§ **Assigned task**
Word for word, repeat the entries, minus the pictures.

(Records excerpted from a collection)
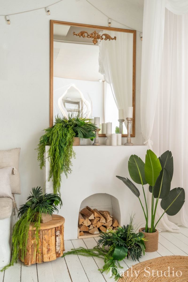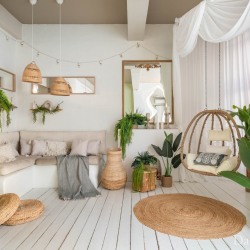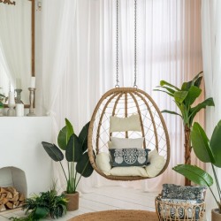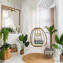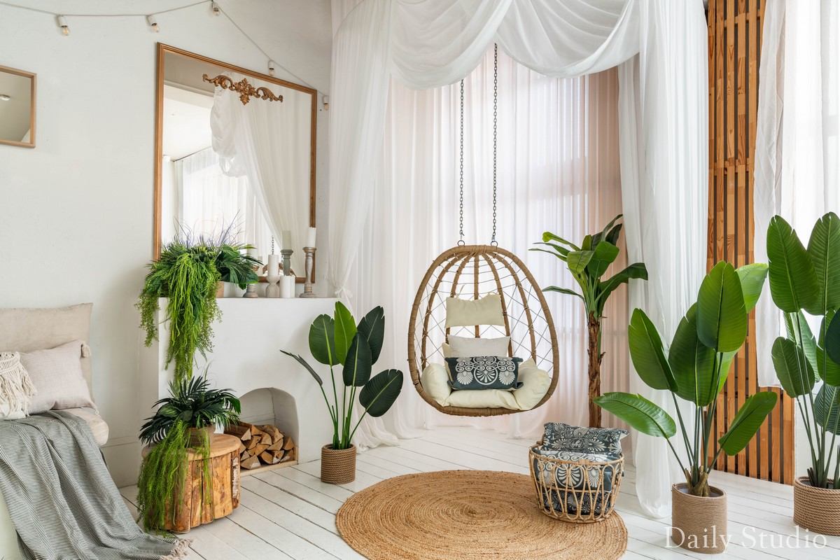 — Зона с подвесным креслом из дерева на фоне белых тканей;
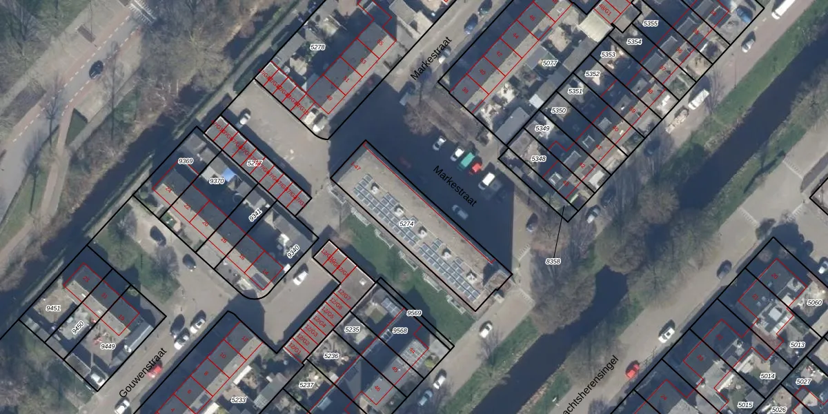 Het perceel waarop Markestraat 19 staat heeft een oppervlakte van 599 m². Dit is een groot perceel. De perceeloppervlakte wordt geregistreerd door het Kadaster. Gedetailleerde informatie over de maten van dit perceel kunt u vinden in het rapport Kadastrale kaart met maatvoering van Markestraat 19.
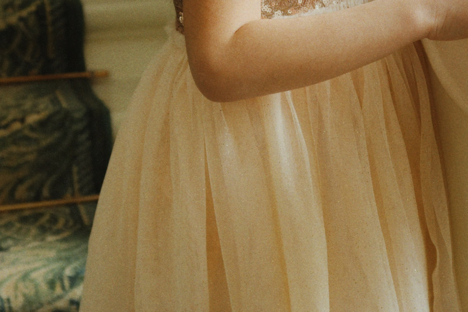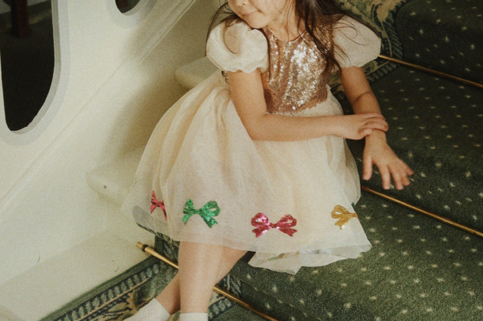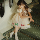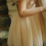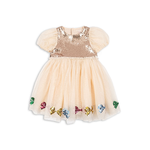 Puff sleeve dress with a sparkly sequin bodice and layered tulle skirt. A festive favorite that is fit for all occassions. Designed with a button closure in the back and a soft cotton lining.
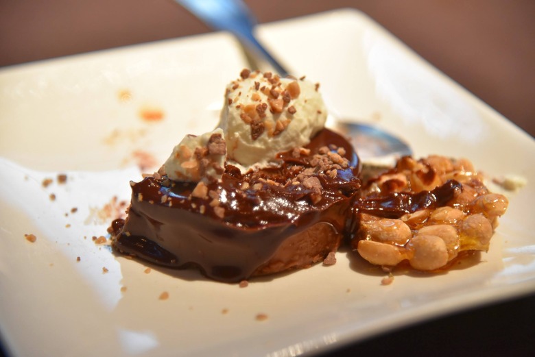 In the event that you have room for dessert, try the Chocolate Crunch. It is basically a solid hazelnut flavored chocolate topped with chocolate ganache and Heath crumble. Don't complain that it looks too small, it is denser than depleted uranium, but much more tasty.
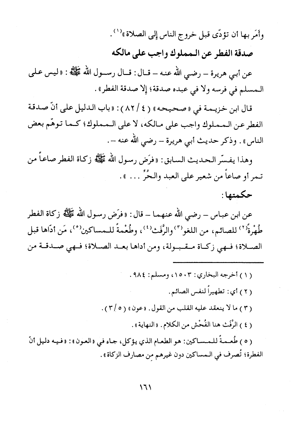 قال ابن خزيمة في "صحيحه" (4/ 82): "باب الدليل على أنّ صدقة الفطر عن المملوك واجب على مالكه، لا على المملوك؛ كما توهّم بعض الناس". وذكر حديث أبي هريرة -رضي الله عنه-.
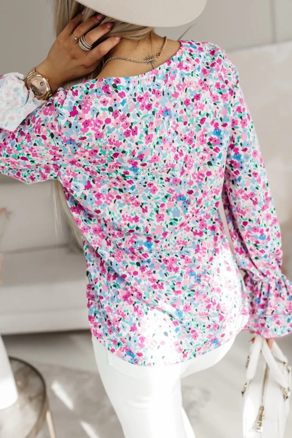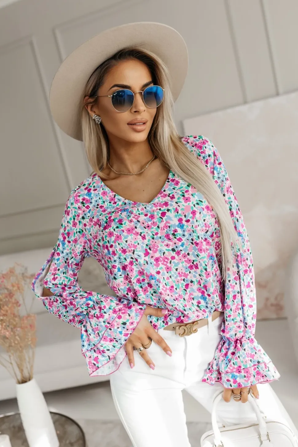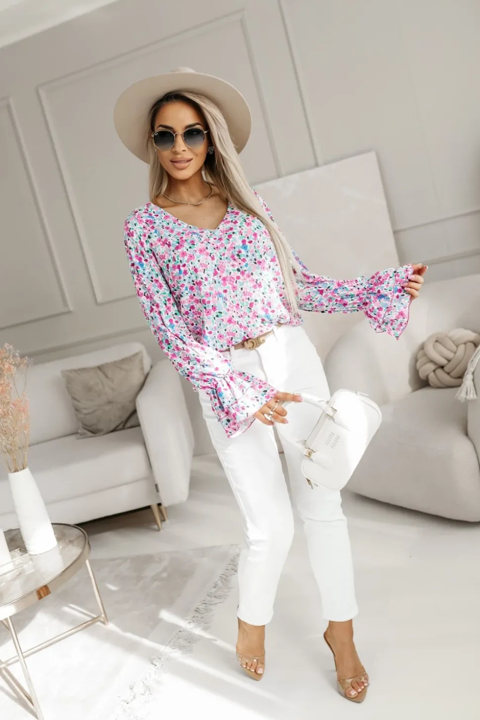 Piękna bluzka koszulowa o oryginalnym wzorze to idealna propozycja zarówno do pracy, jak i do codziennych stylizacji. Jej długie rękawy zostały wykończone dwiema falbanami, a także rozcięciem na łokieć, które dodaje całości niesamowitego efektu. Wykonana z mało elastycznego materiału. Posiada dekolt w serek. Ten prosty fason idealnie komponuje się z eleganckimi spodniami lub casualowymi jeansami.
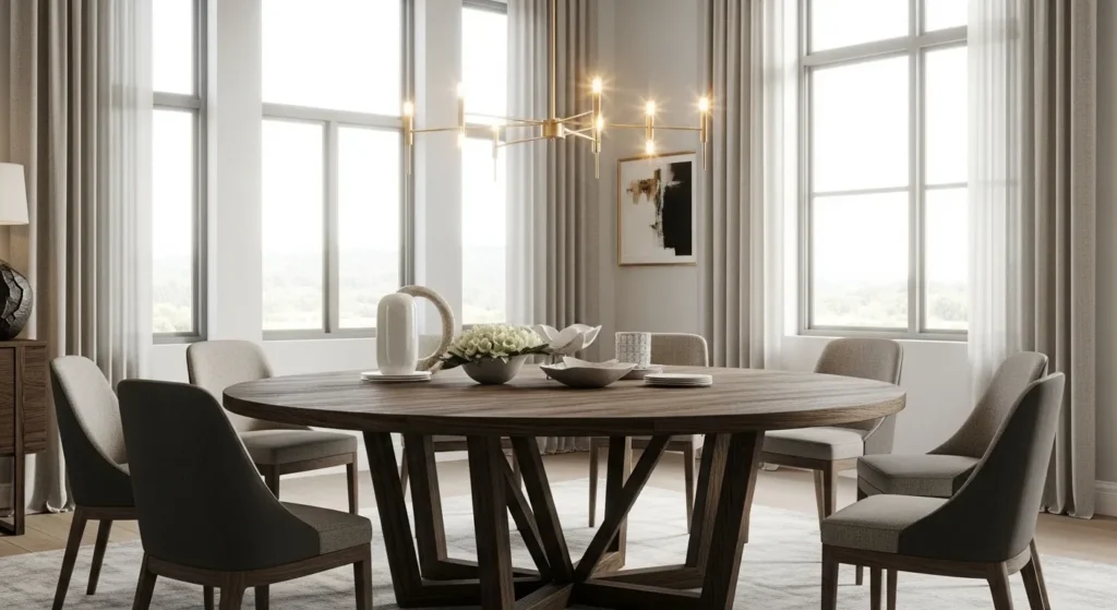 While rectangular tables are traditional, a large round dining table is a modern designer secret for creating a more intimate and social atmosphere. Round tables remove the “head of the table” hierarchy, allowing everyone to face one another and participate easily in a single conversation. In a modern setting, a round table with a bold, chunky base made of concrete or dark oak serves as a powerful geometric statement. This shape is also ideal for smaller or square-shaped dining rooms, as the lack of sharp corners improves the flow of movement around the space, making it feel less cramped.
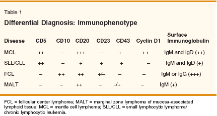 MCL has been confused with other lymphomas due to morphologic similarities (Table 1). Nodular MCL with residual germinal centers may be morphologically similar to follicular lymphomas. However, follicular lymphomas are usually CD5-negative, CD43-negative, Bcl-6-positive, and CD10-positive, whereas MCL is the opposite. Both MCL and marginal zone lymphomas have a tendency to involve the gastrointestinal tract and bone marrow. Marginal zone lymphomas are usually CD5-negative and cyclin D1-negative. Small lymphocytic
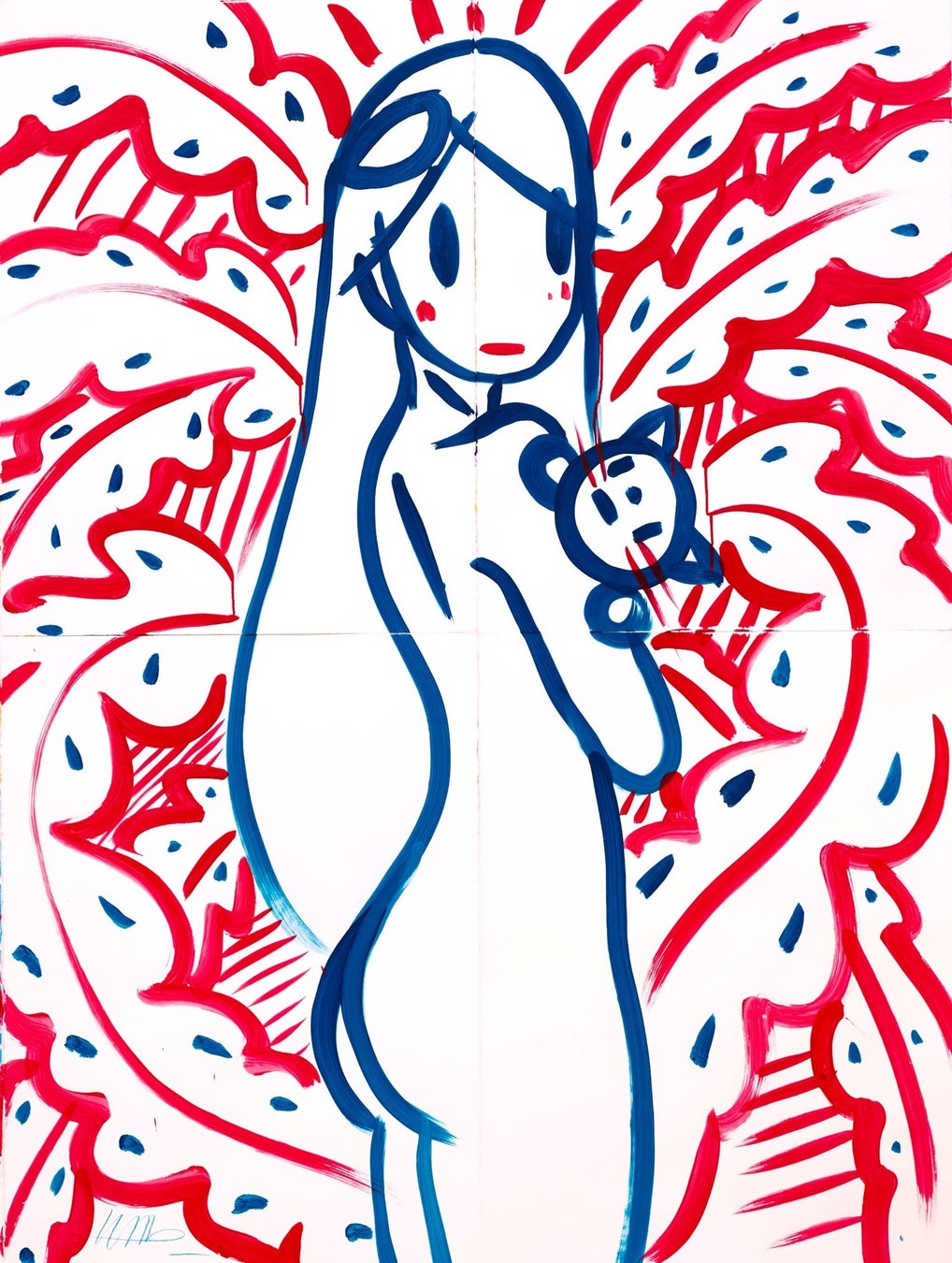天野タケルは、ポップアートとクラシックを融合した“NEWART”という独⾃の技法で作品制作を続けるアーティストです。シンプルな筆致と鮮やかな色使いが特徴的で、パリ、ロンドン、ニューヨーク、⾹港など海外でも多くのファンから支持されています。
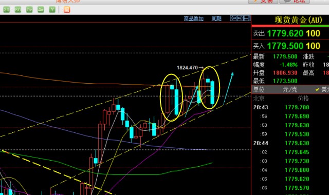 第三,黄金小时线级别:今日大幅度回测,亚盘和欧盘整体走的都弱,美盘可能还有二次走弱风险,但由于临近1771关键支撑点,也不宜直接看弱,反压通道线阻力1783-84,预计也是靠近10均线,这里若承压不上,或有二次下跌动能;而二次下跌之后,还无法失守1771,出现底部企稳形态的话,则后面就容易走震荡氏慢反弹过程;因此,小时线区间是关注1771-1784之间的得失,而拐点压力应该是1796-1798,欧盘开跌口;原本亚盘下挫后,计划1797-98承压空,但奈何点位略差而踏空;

§ **Output below**
 — Зона с подвесным креслом из дерева на фоне белых тканей;
 Het perceel waarop Markestraat 19 staat heeft een oppervlakte van 599 m². Dit is een groot perceel. De perceeloppervlakte wordt geregistreerd door het Kadaster. Gedetailleerde informatie over de maten van dit perceel kunt u vinden in het rapport Kadastrale kaart met maatvoering van Markestraat 19.
 Puff sleeve dress with a sparkly sequin bodice and layered tulle skirt. A festive favorite that is fit for all occassions. Designed with a button closure in the back and a soft cotton lining.
 In the event that you have room for dessert, try the Chocolate Crunch. It is basically a solid hazelnut flavored chocolate topped with chocolate ganache and Heath crumble. Don't complain that it looks too small, it is denser than depleted uranium, but much more tasty.
 قال ابن خزيمة في "صحيحه" (4/ 82): "باب الدليل على أنّ صدقة الفطر عن المملوك واجب على مالكه، لا على المملوك؛ كما توهّم بعض الناس". وذكر حديث أبي هريرة -رضي الله عنه-.
 Piękna bluzka koszulowa o oryginalnym wzorze to idealna propozycja zarówno do pracy, jak i do codziennych stylizacji. Jej długie rękawy zostały wykończone dwiema falbanami, a także rozcięciem na łokieć, które dodaje całości niesamowitego efektu. Wykonana z mało elastycznego materiału. Posiada dekolt w serek. Ten prosty fason idealnie komponuje się z eleganckimi spodniami lub casualowymi jeansami.
 While rectangular tables are traditional, a large round dining table is a modern designer secret for creating a more intimate and social atmosphere. Round tables remove the “head of the table” hierarchy, allowing everyone to face one another and participate easily in a single conversation. In a modern setting, a round table with a bold, chunky base made of concrete or dark oak serves as a powerful geometric statement. This shape is also ideal for smaller or square-shaped dining rooms, as the lack of sharp corners improves the flow of movement around the space, making it feel less cramped.
 MCL has been confused with other lymphomas due to morphologic similarities (Table 1). Nodular MCL with residual germinal centers may be morphologically similar to follicular lymphomas. However, follicular lymphomas are usually CD5-negative, CD43-negative, Bcl-6-positive, and CD10-positive, whereas MCL is the opposite. Both MCL and marginal zone lymphomas have a tendency to involve the gastrointestinal tract and bone marrow. Marginal zone lymphomas are usually CD5-negative and cyclin D1-negative. Small lymphocytic
天野タケルは、ポップアートとクラシックを融合した“NEWART”という独⾃の技法で作品制作を続けるアーティストです。シンプルな筆致と鮮やかな色使いが特徴的で、パリ、ロンドン、ニューヨーク、⾹港など海外でも多くのファンから支持されています。
 第三,黄金小时线级别:今日大幅度回测,亚盘和欧盘整体走的都弱,美盘可能还有二次走弱风险,但由于临近1771关键支撑点,也不宜直接看弱,反压通道线阻力1783-84,预计也是靠近10均线,这里若承压不上,或有二次下跌动能;而二次下跌之后,还无法失守1771,出现底部企稳形态的话,则后面就容易走震荡氏慢反弹过程;因此,小时线区间是关注1771-1784之间的得失,而拐点压力应该是1796-1798,欧盘开跌口;原本亚盘下挫后,计划1797-98承压空,但奈何点位略差而踏空;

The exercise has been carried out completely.